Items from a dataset
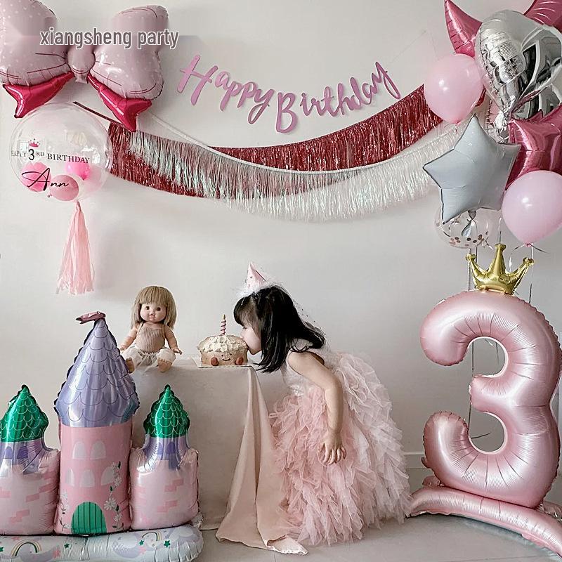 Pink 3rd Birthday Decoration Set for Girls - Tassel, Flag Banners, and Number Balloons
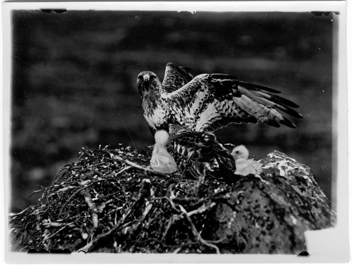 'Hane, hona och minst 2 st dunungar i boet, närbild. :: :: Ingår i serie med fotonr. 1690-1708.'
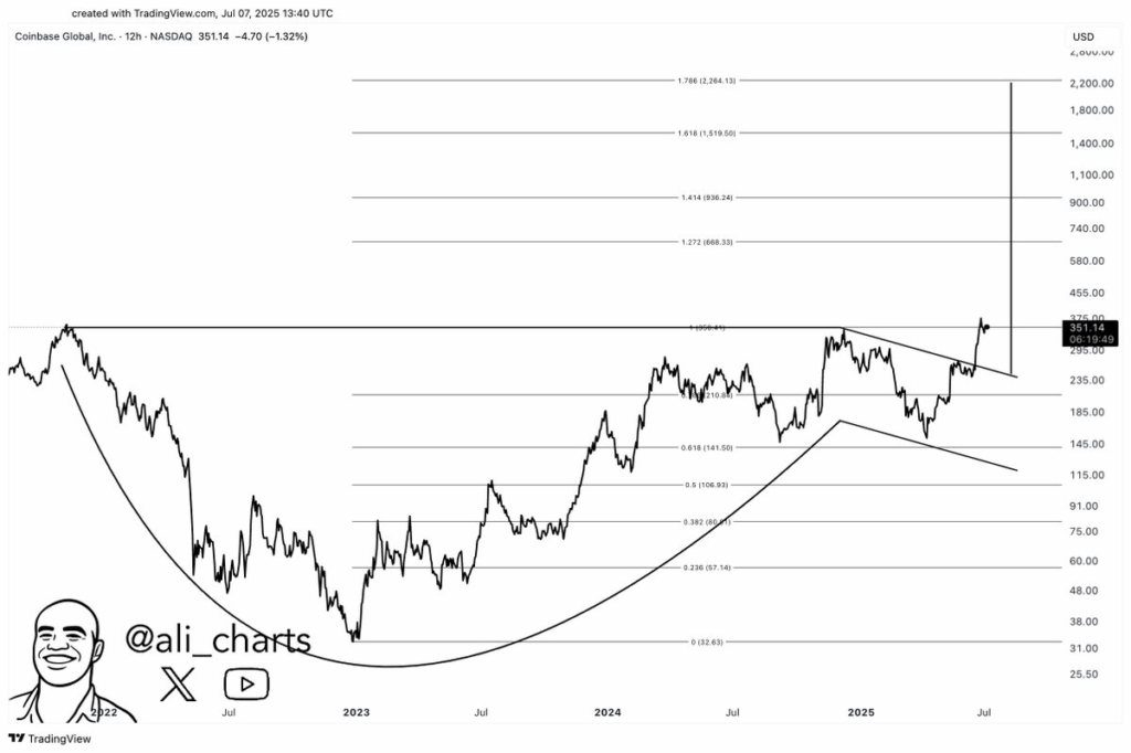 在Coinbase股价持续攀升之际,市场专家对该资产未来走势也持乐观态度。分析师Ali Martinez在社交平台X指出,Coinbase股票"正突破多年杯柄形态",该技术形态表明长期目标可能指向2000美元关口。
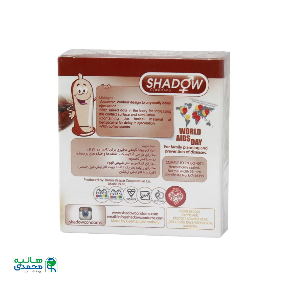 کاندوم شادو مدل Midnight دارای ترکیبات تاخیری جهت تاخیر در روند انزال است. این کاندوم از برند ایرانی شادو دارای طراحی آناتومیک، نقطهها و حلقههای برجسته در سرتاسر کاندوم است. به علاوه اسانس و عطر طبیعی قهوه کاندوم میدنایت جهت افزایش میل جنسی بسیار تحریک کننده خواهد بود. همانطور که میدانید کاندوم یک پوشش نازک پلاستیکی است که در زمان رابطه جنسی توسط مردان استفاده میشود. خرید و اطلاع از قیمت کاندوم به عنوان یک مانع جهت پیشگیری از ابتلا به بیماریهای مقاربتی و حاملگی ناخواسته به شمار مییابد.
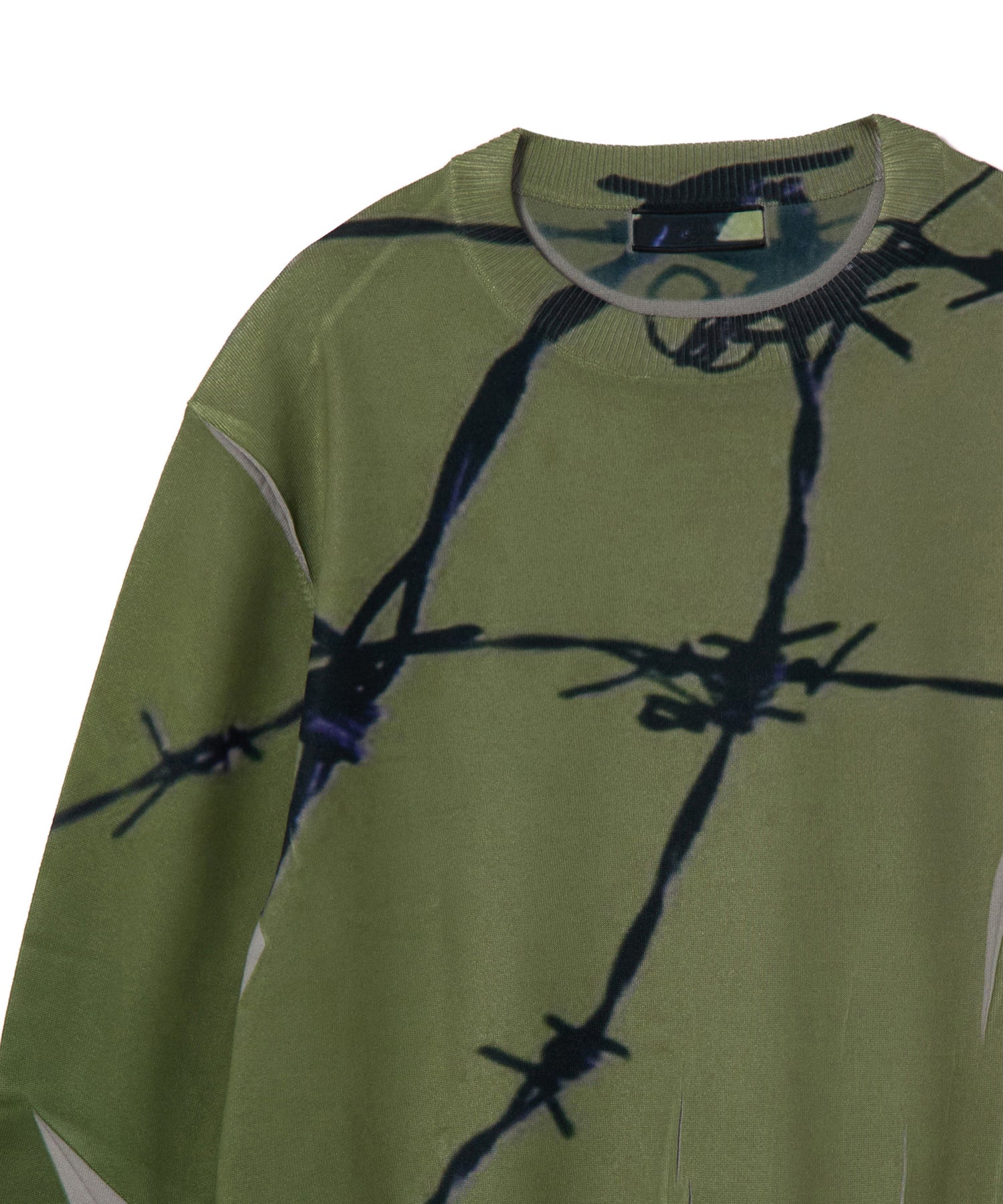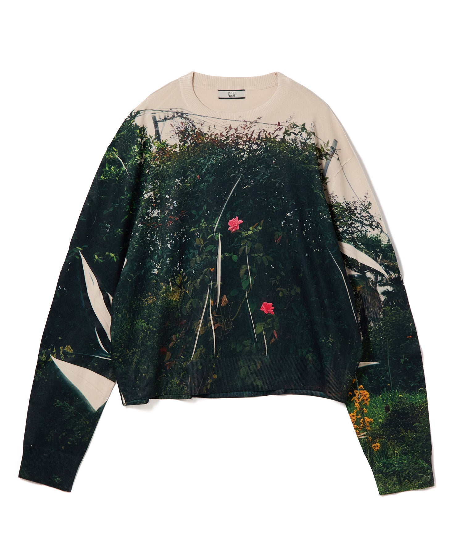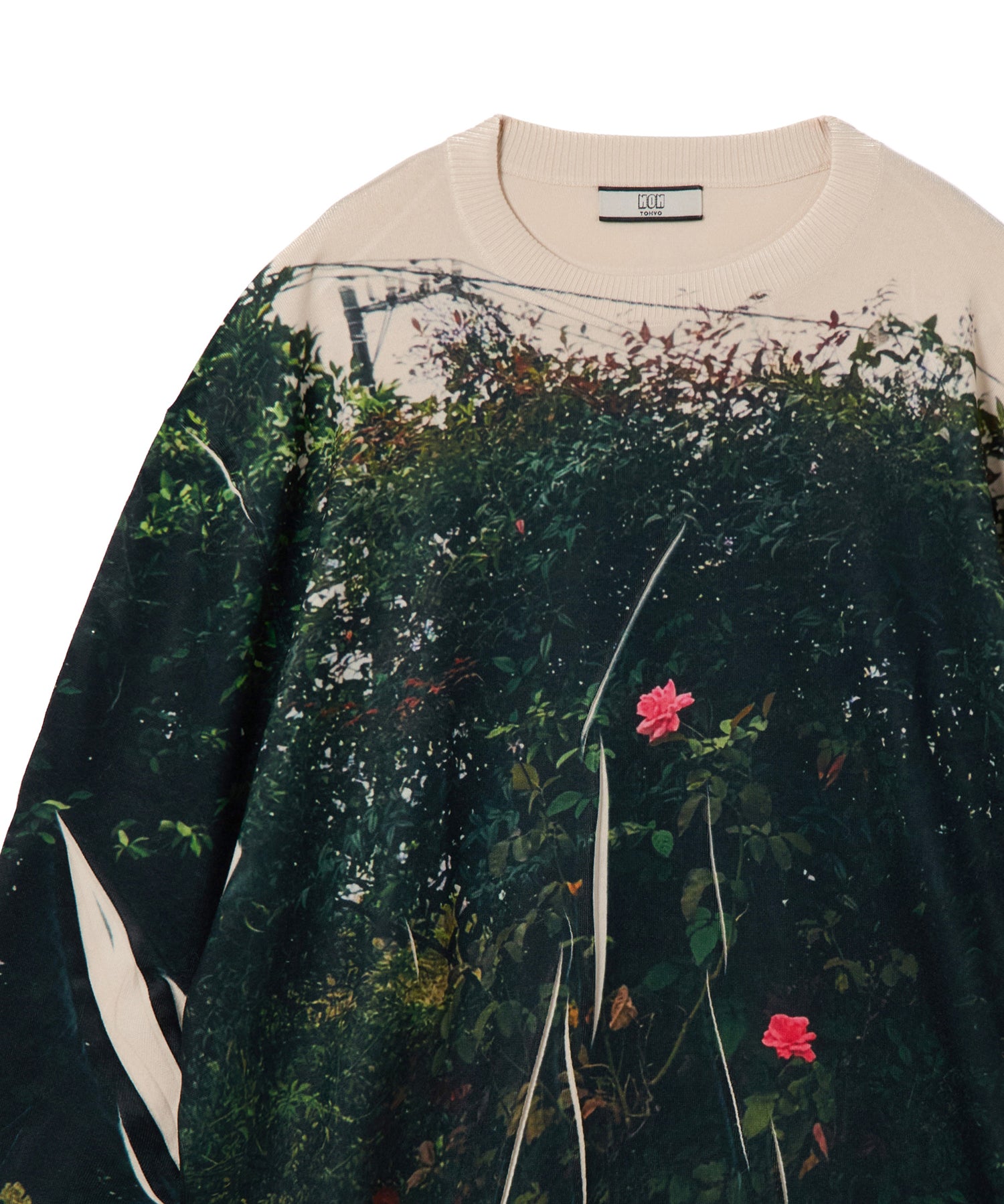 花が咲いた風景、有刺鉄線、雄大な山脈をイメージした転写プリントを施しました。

» Task details: Only the lines from the one containing "med fotonr. 1690-1708.'" through the last line of the data may appear in the answer, each given again exactly and with pictures left out.

» Result of this exercise:
 'Hane, hona och minst 2 st dunungar i boet, närbild. :: :: Ingår i serie med fotonr. 1690-1708.'
 在Coinbase股价持续攀升之际,市场专家对该资产未来走势也持乐观态度。分析师Ali Martinez在社交平台X指出,Coinbase股票"正突破多年杯柄形态",该技术形态表明长期目标可能指向2000美元关口。
 کاندوم شادو مدل Midnight دارای ترکیبات تاخیری جهت تاخیر در روند انزال است. این کاندوم از برند ایرانی شادو دارای طراحی آناتومیک، نقطهها و حلقههای برجسته در سرتاسر کاندوم است. به علاوه اسانس و عطر طبیعی قهوه کاندوم میدنایت جهت افزایش میل جنسی بسیار تحریک کننده خواهد بود. همانطور که میدانید کاندوم یک پوشش نازک پلاستیکی است که در زمان رابطه جنسی توسط مردان استفاده میشود. خرید و اطلاع از قیمت کاندوم به عنوان یک مانع جهت پیشگیری از ابتلا به بیماریهای مقاربتی و حاملگی ناخواسته به شمار مییابد.
 花が咲いた風景、有刺鉄線、雄大な山脈をイメージした転写プリントを施しました。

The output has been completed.